In Burkett, this Court addressed a facial challenge to the constitutionality of MCL 769.12(1)(a), in which the defendant argued that the statute constituted cruel and/or unusual punishment under the state and federal constitutions. Id. at 636-638. This Court upheld the constitutionality of the statute, holding that “the minimum sentence mandated by MCL 769.12(1)(a) is neither cruel nor unusual.” Id. at 642. The provision of the Michigan Constitution barring cruel or unusual punishment is interpreted more broadly than the Eighth Amendment of the U.S. Constitution. People v Bullock, 440 Mich 15, 30; 485 NW2d 866 (1992). “If a punishment passes muster under the state constitution, then it necessarily passes muster under the federal constitution.” Burkett, 337 Mich App at 636 (quotation marks and citation omitted).

Here, defendant does not even cite Burkett and makes no attempt to distinguish that case from his own. Defendant’s facial challenge to the statute is necessarily without merit based on this Court’s previous decision holding that the statute was facially valid under Const 1963, art 1, § 16. Id. at 642.

To the extent defendant could be understood to have attempted to make an as-applied challenge, defendant also ignores the principles that “Legislatively mandated sentences are presumptively proportional and presumptively valid” and that “[i]n order to overcome the

-13- presumption that the sentence is proportionate, a defendant must present unusual circumstances that would render the presumptively proportionate sentence disproportionate.” Id. at 637 (quotation marks and citations omitted). Here, defendant merely argues that his sentence was disproportionate because (1) he was only 24 years old at the time of the offense and will not be eligible for parole until he is almost 50 years old; (2) one victim failed to appear to testify against him and the other two were not permanently injured; (3) and his prior criminal offenses were not for assault with intent to murder, so his current conviction did not constitute a “true repeat” offense.

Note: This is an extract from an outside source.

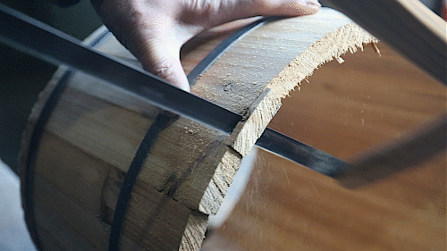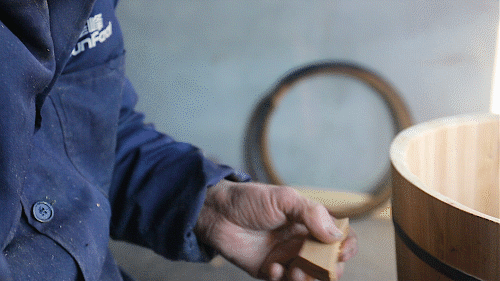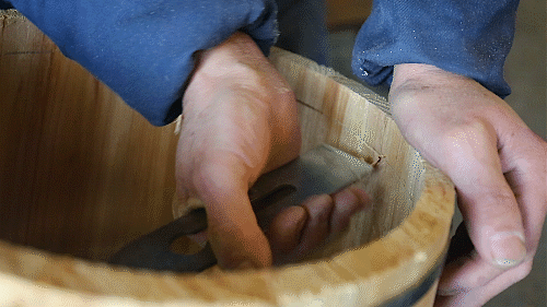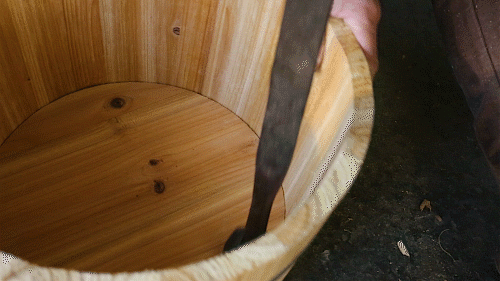 09 挂里子 工具原料:圆刨、初步成型木桶 工艺流程:用圆刨把木桶内壁刮成圆形。

Defendant does not explain how any of these circumstances are “unusual,” and he therefore has failed to overcome the presumption of proportionality. Id. Defendant has not demonstrated that his sentence constituted cruel and unusual punishment or cruel or unusual punishment in violation of the federal or state constitutions.

IV. MOTION FOR A MISTRIAL Defendant next contends that the trial court abused its discretion by denying his motion for a mistrial after the prosecution referred to defendant’s parole status.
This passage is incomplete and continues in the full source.